CM Bhajanlal Says MGNREGA Failed to Fully Meet Rural Jobs Goal
Synopsis
Key Takeaways
The Chief Minister's Office of Rajasthan posted on X on 3 July 2026, quoting Chief Minister Bhajanlal Sharma as stating that the Mahatma Gandhi National Rural Employment Guarantee Act (MGNREGA) was introduced to guarantee employment in rural areas but has not fully succeeded in its intended purpose. The remark was posted under the hashtag #आपणो_अग्रणी_राजस्थान ('Our Leading Rajasthan'), the branding campaign for the state government's development agenda.
Context
Sharma's statement, as shared by the CMO, reads in translation: 'मनरेगा को ग्रामीण क्षेत्रों में रोजगार की गारंटी देने के लिए लाया गया था, लेकिन यह अपने मकसद में पूर्ण सफल नहीं हो पाया।' ('MGNREGA was brought in to guarantee employment in rural areas, but it has not been fully successful in its purpose.'). The comment represents a direct critique of a flagship central scheme by a sitting state chief minister, and places the remark firmly within the ruling party's framing of rural development in Rajasthan.
The post did not cite a specific data point, event, or policy announcement as the immediate trigger for the remark. It was accompanied by one image and carried the hashtag associated with the state government's broader governance and development narrative.
Policy Backdrop
MGNREGA was enacted by Parliament in 2005 under the National Rural Employment Guarantee Act and later renamed. The scheme guarantees up to 100 days of wage employment annually to rural households willing to do unskilled manual work. It remains one of the largest public works programmes in the world by coverage.
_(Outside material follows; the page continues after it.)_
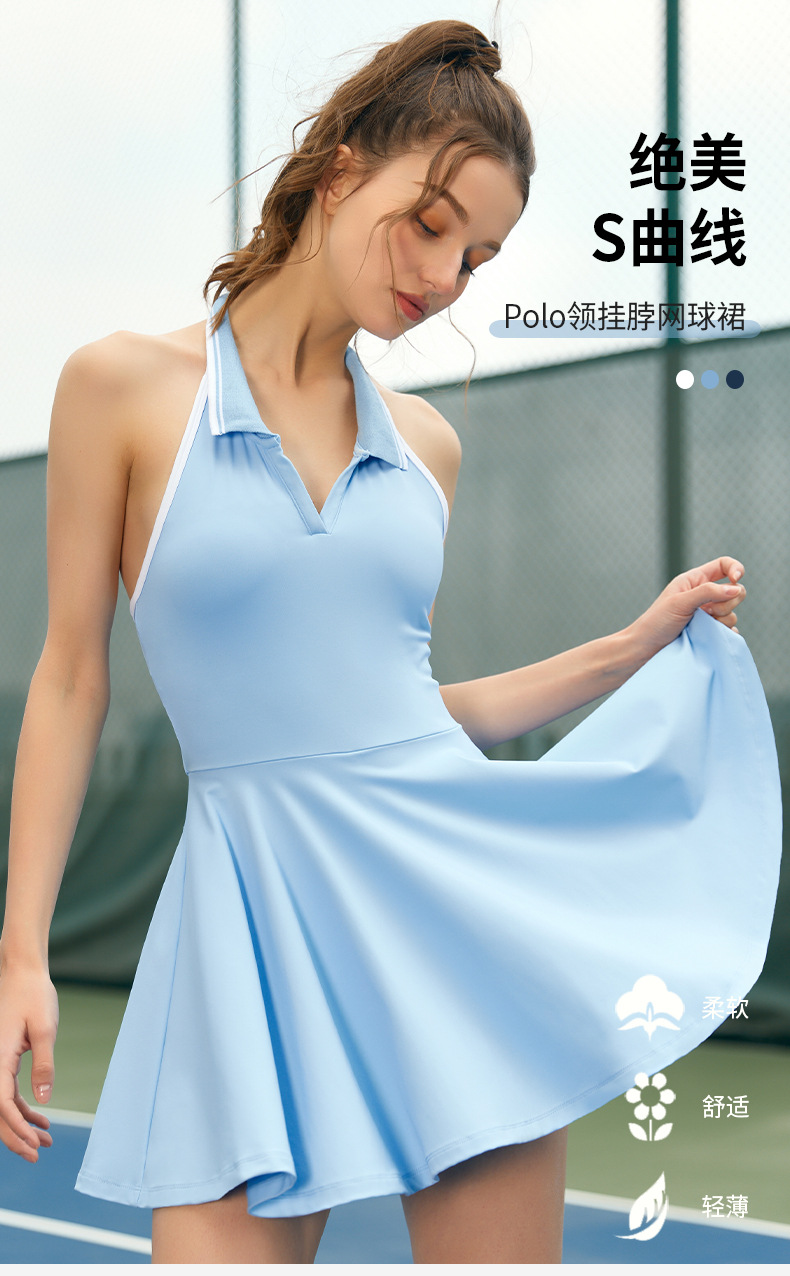 폴로 칼라 홀터넥 테니스 드레스 야외 스포츠 노출 방지 섹시한 백리스 가슴 패드 포함 요가 원피스 여성용

Rajasthan, which has a large rural population and is prone to drought, has historically been one of the highest-utilising states under MGNREGA. The state government has, in previous years, added state-funded supplementary days or wage top-ups during drought conditions. Under CM Bhajanlal Sharma, who took office in December 2023, the state has positioned its own employment and skill-development initiatives as addressing gaps in centrally designed schemes.
Stakeholders and Impact
The primary beneficiaries of MGNREGA are rural households and agricultural labourers, particularly those without access to formal employment. Any shift in state policy or supplementary programming would most directly affect these groups across Rajasthan's vast rural belt.
Critiques of MGNREGA by state governments — including those from the same party as the central government — have typically focused on design rigidity, delays in wage payments, and limited local flexibility in choosing work types. Such federal bargaining over scheme guidelines and funding shares is a recurring feature of centre-state relations in welfare delivery.
What's Next
The remark signals that the Rajasthan government may be laying the groundwork for announcing supplementary rural employment measures or pushing for greater state autonomy in implementing MGNREGA. Observers will watch the state assembly sessions and upcoming central-state coordination meetings on the scheme for any concrete policy follow-through.
If the state does announce parallel or enhanced rural employment programmes, the framing of MGNREGA's limitations would serve as a political and administrative justification. The hashtag #आपणो_अग्रणी_राजस्थान suggests the critique is being embedded within a larger narrative of Rajasthan charting its own development path.